02/22/2022 By Angold Wang

1. Distributed Storage

i. Why do we need distributed storage?

sorta * We want to store more data * store data across multiple servers * We want high performance (throughput) * split the request data into pieces and read them concurrently from different servers. * the mapreduce example: * The throughput of single SSD is 10MB/s. * If we split the big data set into 1000 servers. * We can achieve 10000MB/s throughput by reading from 1000 disks concurrently.

ii. Conumndrum of High-Performance

  • we want high performance => shared data over many servers
  • many servers => constant faults (some machines are gonna crash)
  • fault tolerance => replication
  • replication => potential inconsistencies
  • better consistency => low performance

iii.
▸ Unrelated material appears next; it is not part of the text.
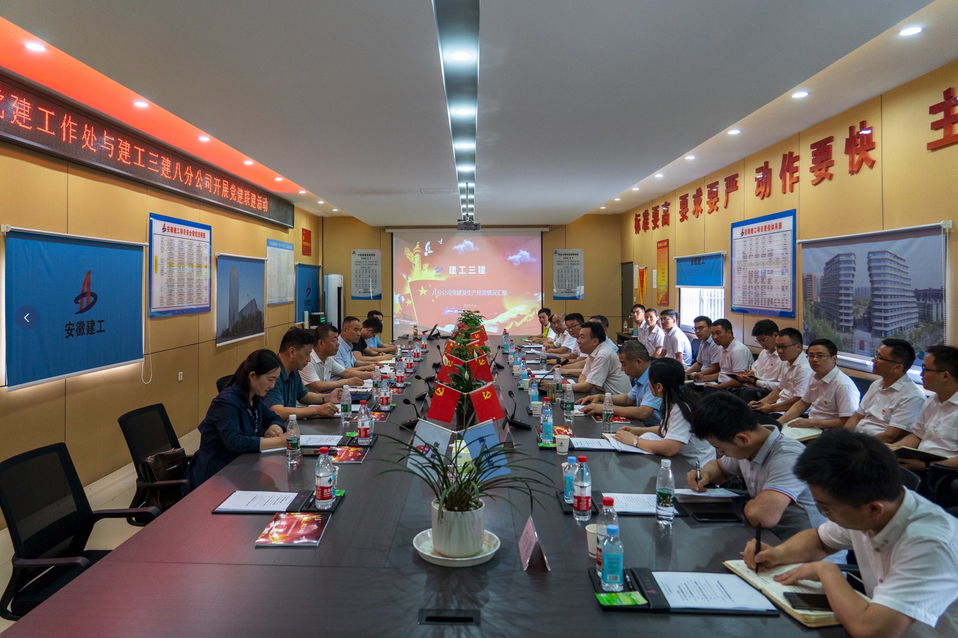 為深入貫徹落實(shí)主題教育工作要求,創(chuàng )新基層黨建工作載體,構建雙向促進(jìn)、共同提高的黨建工作格局,7月6日,省國資委黨建工作處黨支部走進(jìn)建工三建八公司大圩金葡萄家園二期2-A和2-B地塊工程項目,開(kāi)展黨建聯(lián)建活動(dòng)。省國資委黨建工作處處長(cháng)、黨支部書(shū)記段海出席并講授專(zhuān)題黨課。建工控股黨委委員、紀委書(shū)記、監察專(zhuān)員王汪苗參加活動(dòng)。

Consistency

Strong Consistency

strongcon * Suppose Client1 and Client2 write concurrently. * After the writes have completed, Client3 and Client4 read. What can they see?

Answer: either 1 or 2, but both have to see the same value. This is a “strong” concurrency model.

In a distributed system …

Replication for fault-tolerance makes strong consistency tricky.

replicacon * Client1 and Client2 send writes to both, in parallel

This time, both Client3 and Client4 will also see either 1 or 2, but no guarrentee that they will see the same value. That is not a strong consistency.

Better consistency ususlly requires communication to ensure the replicas stay in sync, which can be slow. And there are lots of tradeoffs possible between performance and consistency.